Army leaders must also fully embrace the Army’s Master Resilience Training (MRT) program, better integrate it with the mental domain of the Holistic Health and Fitness program, and energize it across the force. The MRT program has the means and addresses the need, but it has lost momentum since launching. Our senior leaders must revitalize and enforce required Master Resilience Trainer ratios to rebuild unit training capacity. Army studies that assess the effectiveness of the MRT program found that units that use their trainers effectively have significantly fewer diagnoses of mental health problems among Soldiers. We need bi-weekly resiliency sessions led by qualified trainers in order to provide the frequency needed to develop Soldiers’ emotional fitness. Vital to the success of each unit’s program is instructional quality and relevancy. Soldiers must be given the time and tools to develop self-awareness, emotional maturity, impulse-control, self-regulation, and other resilience techniques. Each Soldier also needs the opportunity to develop a tailored emotional wellness plan. Early and increased development of these adaptive skills reinforces a climate of trust and cooperation and reduces harmful behaviors. Unit leaders can provide Soldiers with the tools needed to achieve greater mental health, resilience, and readiness in brief sessions delivered bi-weekly.

Finally, Soldiers must have access to a diverse team of resiliency experts and professionals beyond unit leadership. For Army trainers, MRT program responsibilities are one of many collateral duties. To address suicide reduction strategies more effectively, these master trainers must leverage a myriad of other emotional support and behavioral health resources. Fortunately, a team of individual and organizational experts already exists to form a Soldier’s current and future support network. These resiliency resources include Holistic Health and Fitness cognitive performance specialists and occupational therapy assistants, unit or installation Chaplains, local support group networks, on-post Marriage and Family Life Counselors, OneSource counselors available 24/7 for crises, and Lethal Means Safety program elements designed to reduce the use of weapons in suicides. Integrating these and other resources directly into resiliency training enhances program quality and enables Soldiers to develop a custom “safety net” of resiliency resources tailored to their needs.

Critics will say we do not have enough time to add this training to busy unit-level training calendars.

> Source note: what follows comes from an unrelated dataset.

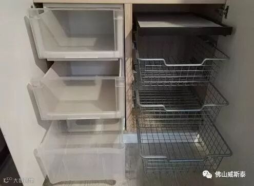 我们也对比了抽屉式收纳盒和抽拉篮的收纳量,两个所占用的空间和收纳容量基本是差不多的。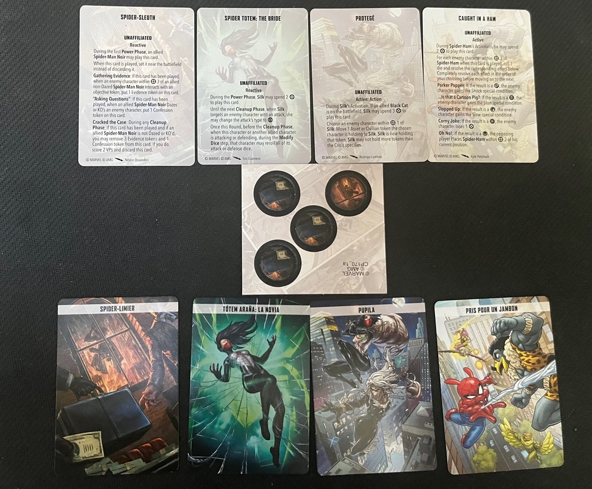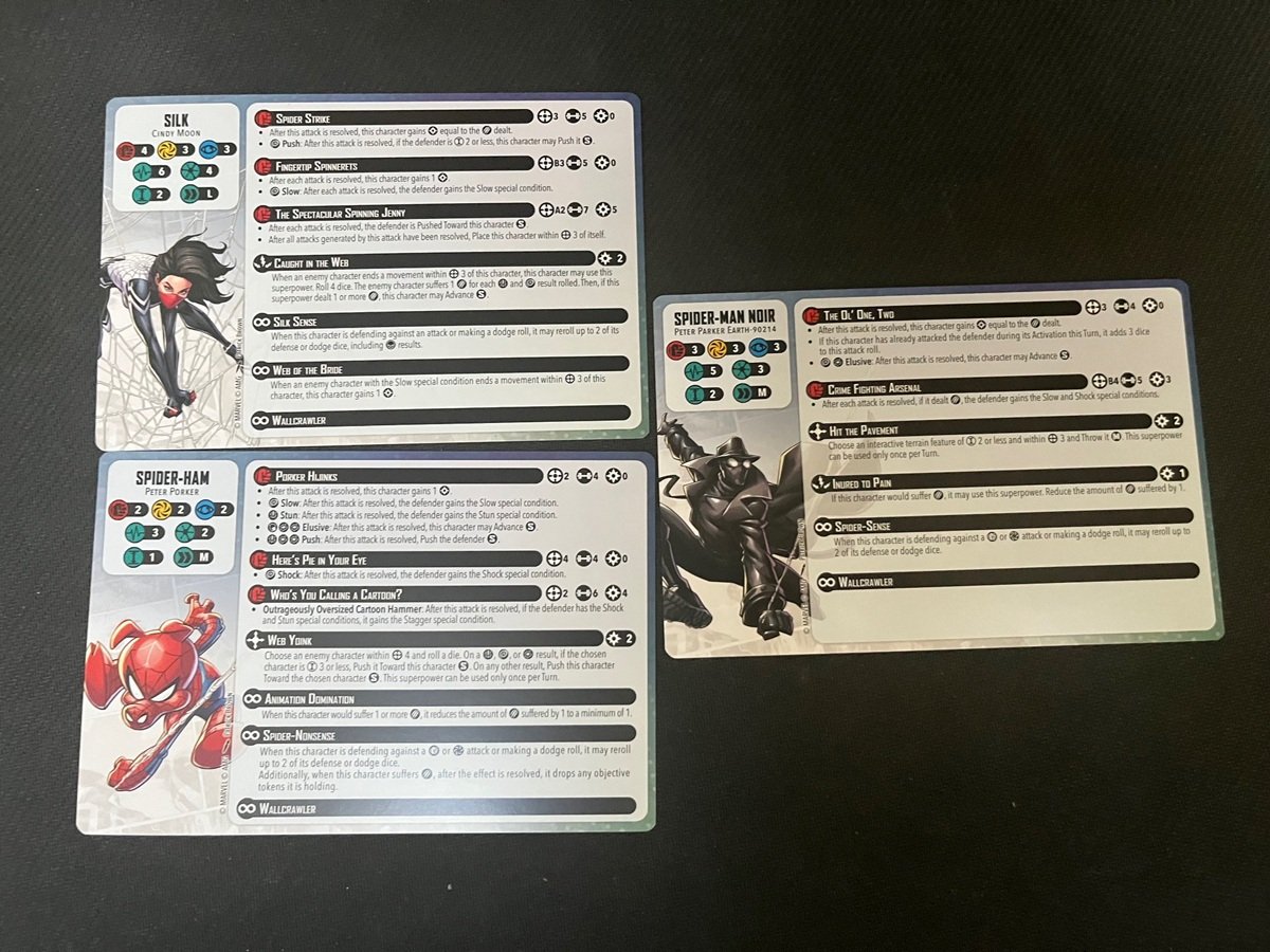 This box is packing both serious and very un-serious fun. Spider-Ham has a level of cartoonishness that can’t be ignored. While Spider-Man Noir and Silk both come from much more dangerous backgrounds. I can’t wait to try them all out on the tabletop.

They will also assert our Army is going soft by actively addressing emotional health. In truth, our Army is taking a holistic approach to our Soldiers’ health and honoring our obligation to every Soldier and their family by addressing the unique additional stresses of military service. An increased investment in resiliency training will be regained several times over in the preservation of life, improved Soldier well-being, and reduction of harmful events.

As the Secretary of the Army Christine Wormuth stated, “The Army is its people, and a strong, healthy, resilient, trained force is the most important indicator of our readiness.” Enhanced Soldier resiliency is a means to reduce and prevent suicide. With cultural change, leader commitment, and more frequent and better resourced unit-level training, the Army will meet the Secretary’s vision of a ready Army. 

MG Buzza has served as the Chief of Staff, U.S. Army Forces Command since October 2022. He received his commission from the United States Military Academy in 1988, has commanded Army Reserve units from Company through Division, served in Operation Just Cause in 1989 and holds Master’s degrees in Physical Therapy and Strategic Studies.